* PROVIDED DATA *

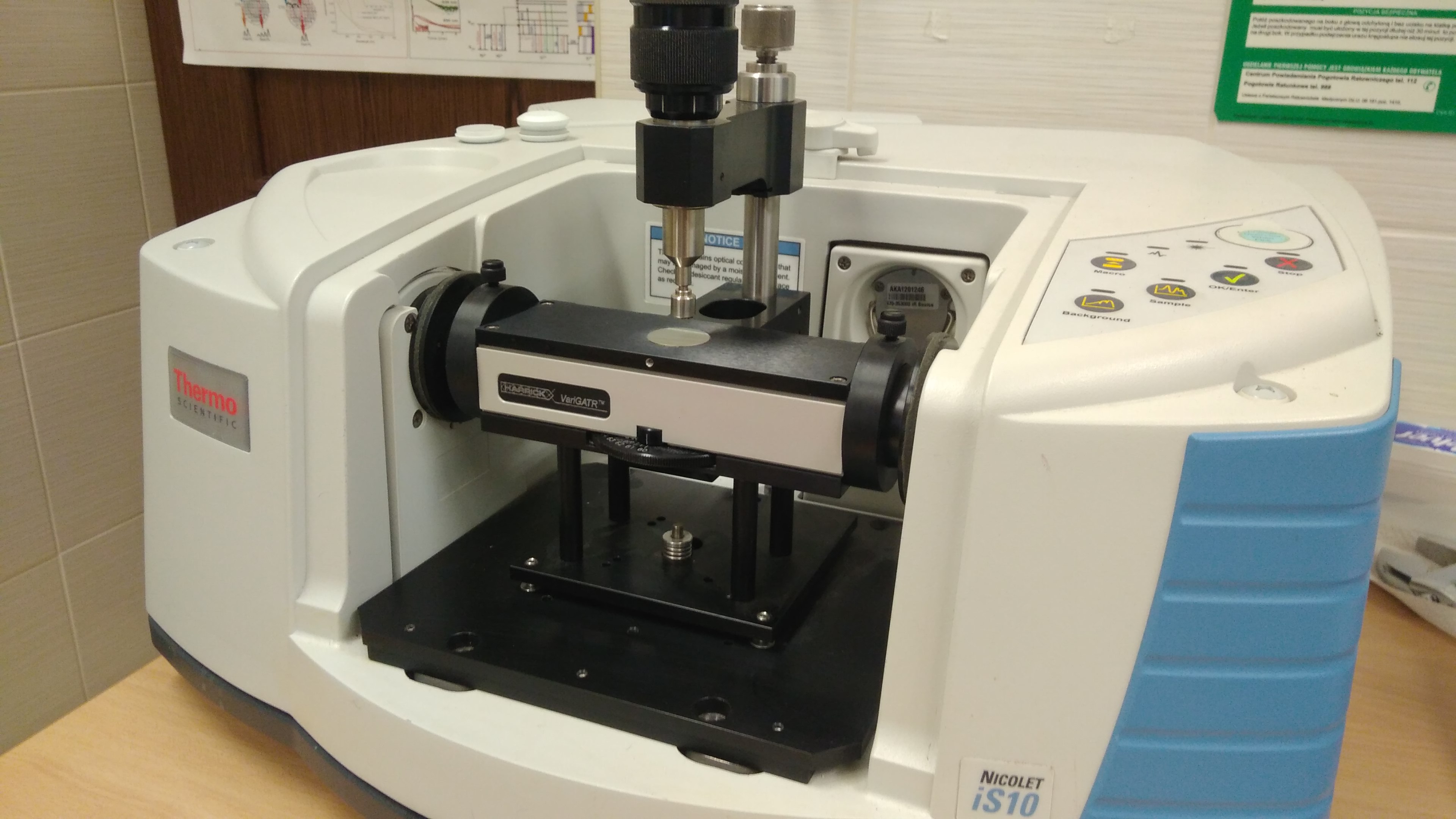 | The Nicolet iS10 FT-IR spectrometer (ThermoFisher Scientific) is a complete infrared spectroscopy system for routine analytical needs. The Nicolet iS10 delivers the highest confidence in the verification and identification of materials. Optimized for 7800-350 cm-1 spectral range, allows for IR absorbance measurements in the transmission configuration, for samples which can be deposited on transparent substrates or prepared as KBr pellets. Moreover, our spectrometer is equipped with the VariGATR grazing angle ATR accessory, allowing for absorbance measurements in Attenuated Total Reflectance configuration, which virtually requires no sample preparation. With this accessory, which uses Ge crystal with high refractive index, it is even possible to measure IR absorbance of single monolayers on semiconductor (e.g. Si) and metallic substrates. The VariGAT is excellent for rapid, repeatable measurements and provides at least an order of magnitude increase in sensitivity relative to grazing angle methods. |
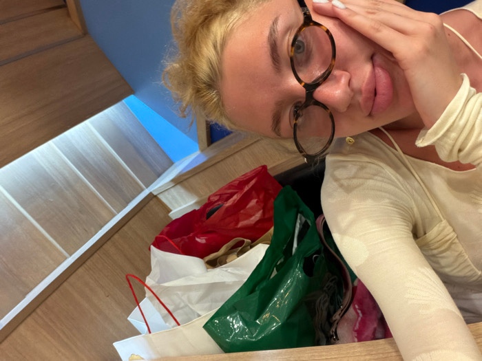 A blonde individual wearing round, tortoiseshell-patterned glasses is depicted in a close-up selfie taken in Wichit, Thailand. Her right hand, with white-painted fingernails, partially covers her left…read more
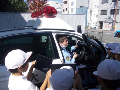 10時30分から大阪市中央卸売市場の前の交番に見学に行きました。交番の警察の方々にインタビューをしました。大変だったことや身に着けているもののことなどたくさん質問しました。警察の方々の仕事に対する思いを感じることができました。
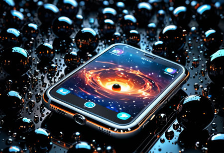A smartphone lies amidst reflective spheres, its screen showcasing a swirling galaxy. The image represents the intersection of technology and cosmos. AI generation
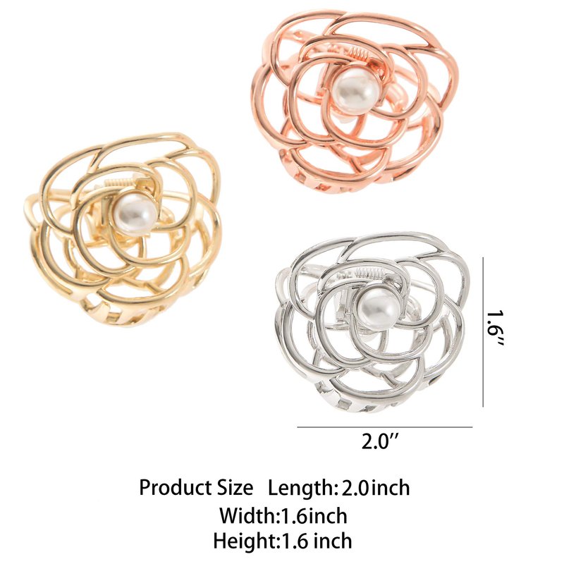 KISSKIKO Mini Rose Flower Hair Claw Clips for Women 2 Inch Cute Pearl Small Hair Clip | 4 Pcs Metal Nonslip Headdress Gold Silver Women and Girls Fine Hair Fancy Horsetail Clip
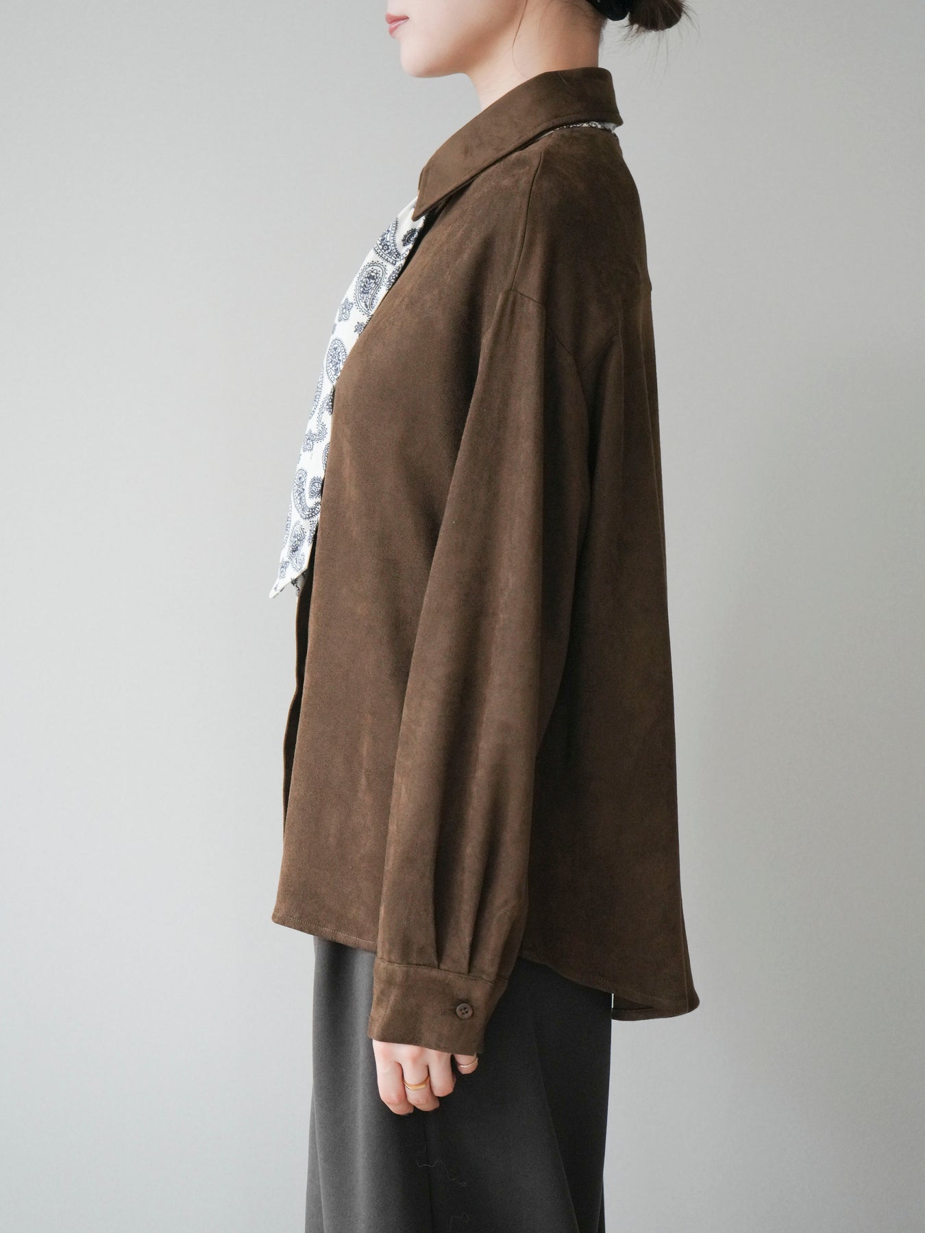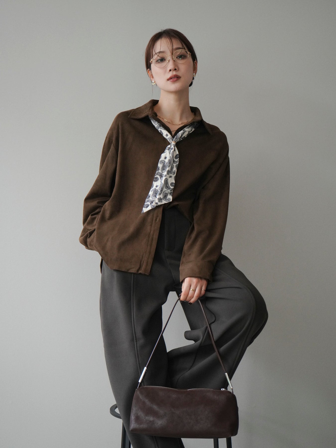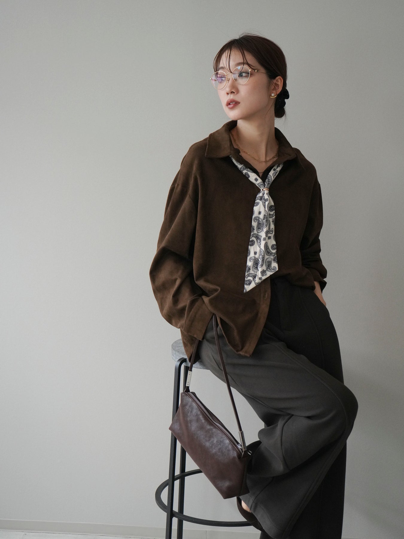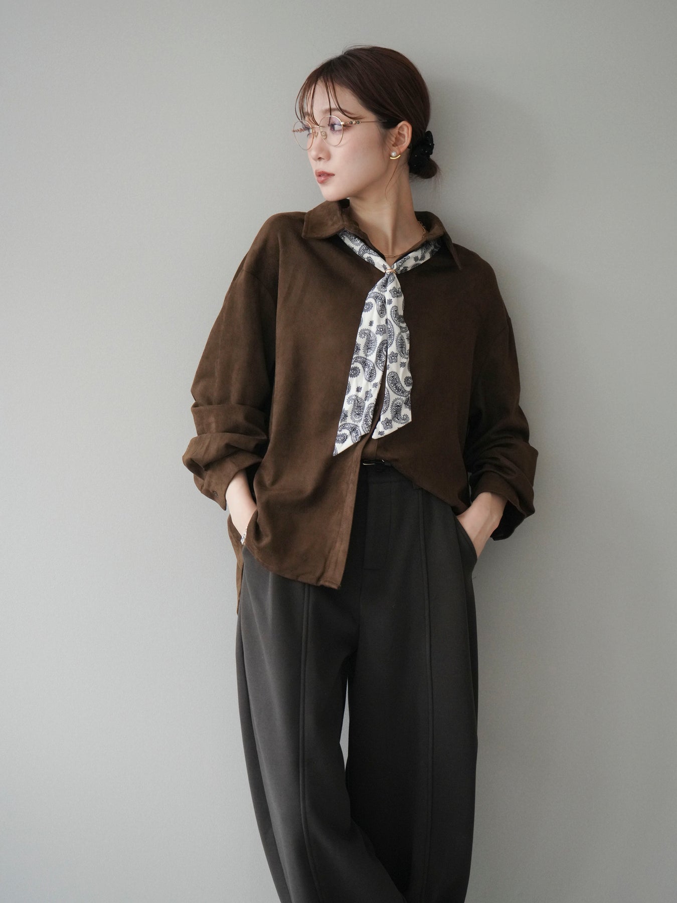 なめらかなスエードタッチ素材で仕立てたシャツに、上品な柄スカーフをセットした着映えアイテム。落ち感のある生地が自然なドレープを生み、シンプルながら大人らしい洗練された印象に導きます。スカーフは取り外し可能で、その日の気分やコーデに合わせてアレンジできるのも嬉しいポイント。ゆとりのあるシルエットがこなれ感をプラスし、デニムからスカートまで幅広いボトムスと相性よく楽しめる万能な一枚です。 ※ボトムス、キャミソール(インナー)以外の商品は一律でインナーは付属していません。

* EXERCISE REQUIREMENTS *
Transcribe all entries above exactly. Omit the pictures.

* EXPECTED ANSWER *
 | The Nicolet iS10 FT-IR spectrometer (ThermoFisher Scientific) is a complete infrared spectroscopy system for routine analytical needs. The Nicolet iS10 delivers the highest confidence in the verification and identification of materials. Optimized for 7800-350 cm-1 spectral range, allows for IR absorbance measurements in the transmission configuration, for samples which can be deposited on transparent substrates or prepared as KBr pellets. Moreover, our spectrometer is equipped with the VariGATR grazing angle ATR accessory, allowing for absorbance measurements in Attenuated Total Reflectance configuration, which virtually requires no sample preparation. With this accessory, which uses Ge crystal with high refractive index, it is even possible to measure IR absorbance of single monolayers on semiconductor (e.g. Si) and metallic substrates. The VariGAT is excellent for rapid, repeatable measurements and provides at least an order of magnitude increase in sensitivity relative to grazing angle methods. |
 A blonde individual wearing round, tortoiseshell-patterned glasses is depicted in a close-up selfie taken in Wichit, Thailand. Her right hand, with white-painted fingernails, partially covers her left…read more
 10時30分から大阪市中央卸売市場の前の交番に見学に行きました。交番の警察の方々にインタビューをしました。大変だったことや身に着けているもののことなどたくさん質問しました。警察の方々の仕事に対する思いを感じることができました。
A smartphone lies amidst reflective spheres, its screen showcasing a swirling galaxy. The image represents the intersection of technology and cosmos. AI generation
 KISSKIKO Mini Rose Flower Hair Claw Clips for Women 2 Inch Cute Pearl Small Hair Clip | 4 Pcs Metal Nonslip Headdress Gold Silver Women and Girls Fine Hair Fancy Horsetail Clip
 なめらかなスエードタッチ素材で仕立てたシャツに、上品な柄スカーフをセットした着映えアイテム。落ち感のある生地が自然なドレープを生み、シンプルながら大人らしい洗練された印象に導きます。スカーフは取り外し可能で、その日の気分やコーデに合わせてアレンジできるのも嬉しいポイント。ゆとりのあるシルエットがこなれ感をプラスし、デニムからスカートまで幅広いボトムスと相性よく楽しめる万能な一枚です。 ※ボトムス、キャミソール(インナー)以外の商品は一律でインナーは付属していません。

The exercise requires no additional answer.